Created on Sat Mar 24 10:54:42 2018
@author: Jasmine
"""
今天是2018年3月24日,周六,天气小雨
今天在学习python自然语言处理书的第三章
关于HTML文件的处理
2.简单对print 运用的小例子
>>> s=input('enter some text:')
enter some text:today is 2018 03 24,the weather is very good.
>>> print("you typed",len(s),"words")
you typed 45 words
3.访问单个字符串——通过导入NLTK中古腾堡的语料库进行小的尝试(前提是已经pip install nltk_data)
>>> from nltk.corpus import gutenberg
>>> raw=gutenberg.raw('melville-moby_dick.txt')
>>> fdist=nltk.FreqDist(ch.lower() for ch in raw if ch.isalpha())
>>> fdist.keys()
dict_keys(['m', 'o', 'b', 'y', 'd', 'i', 'c', 'k', 'h', 'e', 'r', 'a', 'n', 'l', 'v', 't', 'g', 's', 'u', 'p', 'w', 'x', 'q', 'f', 'j', 'z'])
4.利用in测试一个字符是否在宁一特定的字符串中
if 'thing' in phrase:
print"found 'hing'"
利用.find('')来判断某字符在字符串内的位置。
phrase='And noe for something completely different'
>>> phrase.find('for')
8
5.通过Python程序实现对某一特定文件的路径查找
>>> path=nltk.data.find('corpora/unicode_samples/polish-lat2.txt')
>>> print(path)
D:\Anaconda\nltk_data\corpora\unicode_samples.zip\unicode_samples\polish-lat2.txt
6.关于正则表达式的运用
1)
import re
>>> wordlist=[w for w in nltk.corpus.words.words('en') if w.islower()]
打印wordlist将会打印出所有的wordlist()
2)利用正则表达式来检查s是否含有p---re,search(p,s)此正则表达式用于检查s中含有模式p。
[w for w in wordlist if re.search('ed$',w)]
3)利用通配符“.”可以用来匹配任何单个字符,例如查找所有第三个字母是j,第六个字母是t,每个空白单元格用通配符隔开。
其中"^"表示开始,"$"表示结束。
[w for w in wordlist if re.search('^..j..t..$',w)]
['abjectly', 'adjuster', 'dejected', 'dejectly', 'injector', 'majestic', 'objectee', 'objector', 'rejecter', 'rejector', 'unjilted', 'unjolted', 'unjustly']
4)对于一个有四个占位符的单词而言,可以通过限制每个位置上的字母来源,来匹配查找相应的单词。

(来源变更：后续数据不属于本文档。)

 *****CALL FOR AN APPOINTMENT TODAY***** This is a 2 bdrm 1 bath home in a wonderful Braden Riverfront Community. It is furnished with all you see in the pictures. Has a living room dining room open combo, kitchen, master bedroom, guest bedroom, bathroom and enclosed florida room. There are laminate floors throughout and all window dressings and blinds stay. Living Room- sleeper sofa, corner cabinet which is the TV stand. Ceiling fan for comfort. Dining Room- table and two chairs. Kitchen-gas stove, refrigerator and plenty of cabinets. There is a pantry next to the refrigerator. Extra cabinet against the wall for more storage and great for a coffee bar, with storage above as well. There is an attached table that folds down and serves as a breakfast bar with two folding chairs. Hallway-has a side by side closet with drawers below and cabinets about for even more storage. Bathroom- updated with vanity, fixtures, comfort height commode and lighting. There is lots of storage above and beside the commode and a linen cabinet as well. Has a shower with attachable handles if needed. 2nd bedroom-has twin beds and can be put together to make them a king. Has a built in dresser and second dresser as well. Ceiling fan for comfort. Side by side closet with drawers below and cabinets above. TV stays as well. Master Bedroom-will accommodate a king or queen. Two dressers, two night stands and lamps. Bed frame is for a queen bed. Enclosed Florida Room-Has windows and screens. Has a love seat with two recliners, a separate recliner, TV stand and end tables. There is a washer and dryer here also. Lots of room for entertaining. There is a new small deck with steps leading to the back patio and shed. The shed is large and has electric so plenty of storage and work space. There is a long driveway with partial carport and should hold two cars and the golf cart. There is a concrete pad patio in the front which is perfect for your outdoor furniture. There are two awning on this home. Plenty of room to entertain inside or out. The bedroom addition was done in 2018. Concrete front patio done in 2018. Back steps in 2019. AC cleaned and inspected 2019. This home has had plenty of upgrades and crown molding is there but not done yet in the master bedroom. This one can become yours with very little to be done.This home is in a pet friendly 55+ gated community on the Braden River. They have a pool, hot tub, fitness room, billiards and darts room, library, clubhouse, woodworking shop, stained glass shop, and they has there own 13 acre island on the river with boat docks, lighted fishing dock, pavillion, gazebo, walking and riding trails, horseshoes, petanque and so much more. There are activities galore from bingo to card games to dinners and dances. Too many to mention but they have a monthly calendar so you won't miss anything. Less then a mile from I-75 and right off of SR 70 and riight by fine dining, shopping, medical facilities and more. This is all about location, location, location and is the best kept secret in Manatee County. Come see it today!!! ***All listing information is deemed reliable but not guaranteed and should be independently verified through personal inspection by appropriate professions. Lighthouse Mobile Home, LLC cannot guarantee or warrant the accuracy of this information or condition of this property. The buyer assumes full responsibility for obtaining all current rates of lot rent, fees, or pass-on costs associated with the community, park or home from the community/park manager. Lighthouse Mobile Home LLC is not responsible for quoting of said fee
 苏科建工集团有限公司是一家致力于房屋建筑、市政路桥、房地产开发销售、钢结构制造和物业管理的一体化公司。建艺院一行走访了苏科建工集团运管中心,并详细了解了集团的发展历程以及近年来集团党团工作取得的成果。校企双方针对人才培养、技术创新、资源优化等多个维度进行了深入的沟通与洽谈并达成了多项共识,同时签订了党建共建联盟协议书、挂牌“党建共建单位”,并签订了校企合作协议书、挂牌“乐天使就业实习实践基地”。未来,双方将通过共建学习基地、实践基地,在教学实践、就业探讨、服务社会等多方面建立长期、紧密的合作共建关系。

例如;通正则表达式《^[ghi][mno][jlk][def]$》第一部分来匹配第一位置上以g、h、i开头的,相应第二部分匹配第二个字符是来自m、n、o……,通过这样的正则表达式可以匹配出所有的符合情况的单词。
[w for w in wordlist if re.search('^[ghi][mno][jlk][def]$',w)]
['gold', 'golf', 'hold', 'hole']
5)更多关于正则表达式的符号详见另一篇文章 https://www.cnblogs.com/kuqs/p/5727409.html
wsj=sorted(set(nltk.corpus.treebank.words()))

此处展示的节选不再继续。